Ainsi, le mâle disparaît et réapparaît de manière pratique dans le seul but de laisser la femme seule face au fantôme, parce que c’est historiquement plus flippant comme ça et que faire autrement signifierait qu’on s’intéresse un minimum aux personnages. Cet inintérêt flagrant provoque de fait la quasi inutilité du mâle. En gros, au bout de 40 minutes, le gars ne sert plus à rien et se transforme en boulet. C’est à se demander pourquoi André l’a créé alors qu’il lui aurait été beaucoup plus simple de tout mettre dans un seul personnage, celui de la femme, ce qui aurait été du coup bien plus intéressant. Mais pour cela, il eut fallu un peu de réflexion.

Là encore, j’aurais pu être magnanime et pardonner cette énième commodité, si par ailleurs André avait fait évoluer le personnage jouer par Jessica Chastain de manière quelque peu originale. Aber nein ! Là aussi il s’agit de détruire systématiquement tout ce que le personnage a d’intéressant pour la réduire à une « sucker mom » en devenir. C’est un peu comme si la Gloria de John Cassavetes se transformait sous nos yeux en Desperate Housewife. Si je cites Gloria, c’est pour vous montrer qu’il y avait moyen de rendre le personnage et sa relation avec les deux fillettes nettement plus fortes, plutôt que de jouer sur la sempiternelle fibre maternelle agrémentée d’une image de la famille qui semble sortir tout droit d’un discours de Sarah Palin.

Ainsi après une heure trente d’un film qui lorsqu’il n’est pas en mode commode, se met en mode rallonge, André nous balance sans vergogne l’une des fins les plus indigestes de cette année. D’un côté nous avons la résolution incroyablement minable du pourquoi du comment de la fantômette en CGI, qui sur le coup m’a plus fait penser à Bip Bip et le Coyote qu’à une horrible tragédie (le coup de la branche… seriously, dude…). De l’autre, l’insupportable connerie de la cellule familiale enfin au complet avec monsieur qui resurgit de l’oubli, car il est impensable qu’une famille n’ait pas de père, même si c’est pour rester dans les vapes les ¾ du temps. Une cellule familiale recomposée comme il se doit dans les règles du cliché absolu, à grand coup de larmes, d’embrassades et de violons.

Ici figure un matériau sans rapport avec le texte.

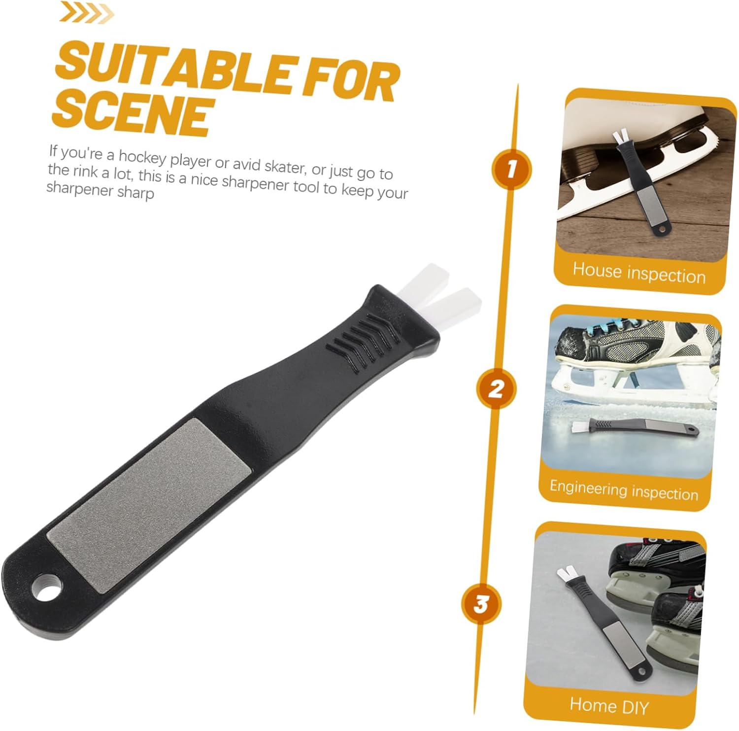 Package Include 1 x Skate Sharpener Characteristics -User-friendly: Comes with clear and easy-to-understand instructions. One unit can be used repeatedly for multiple sharpening use ice shoe sharpener. -Size:15.00X2.50X1.00cm/5.89X0.98X0.39in skating shoe sharpening tool -Color:Black ice skate grindstone -Material:Silicon carbide,plastic professional skate sharpener -Versatile: Suitable for different and sizes of blades.Made of plastic and silicon carbide material skate grindstone. -Efficient: Helps to maintain the sharpness and performance of ski tools and ice hockey skate blades portable skate sharpener. -This sharpener is a portable ice skate sharpener, easy to carry with the portable chain hockey accessories. -Design for maintaining and keeping damaged edges or sharpener again no need to take off the skates skates blades accessory.Goods Descriptionskate sharpener You can send this skate sharpener as a present to your friends who really need this tool.skate grindstone It can make the skates sharpener sharper and more gripper, durable and can maintain a .convenient skate sharpener Hockey skate sharpener, made of silicone carbide and plastic material
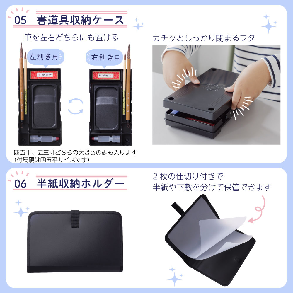 太筆、細筆、固形墨、墨液(180mL)、軽量両面硯(表面:硯、裏面:墨池)、ラバーツイン文鎮(185g)、下敷(4マス・6マス両面罫線入り)、半紙収納ホルダー、筆巻(マジックバンドタイプ)、スポイト式水差し、書道具収納ケース(左右両用・筆置き兼用)、筆の説明書、なまえシール、ショルダーベルト

Et ce n’est pas le coup du papillon bleu (ceux qui ont vu le film comprendront) qui va changer quoique ce soit à cette impression d’énorme foutage de gueule. Au contraire, ce papillon là est le symbole d’un cinéma d’épouvante pasteurisé, aseptisé dans le but formel de plaire au plus grand nombre, qui efface le moindre bout de peur pour le remplacer par du rêve de pacotille et le moindre début de critique sociétale pour le remplacer par des poncifs nauséabonds. Un cinéma fantastoc normalisé jusqu’à la moelle, grand prix d’un festival qui semble avoir perdu sa raison d’être et qui ne sait plus reconnaître les siens.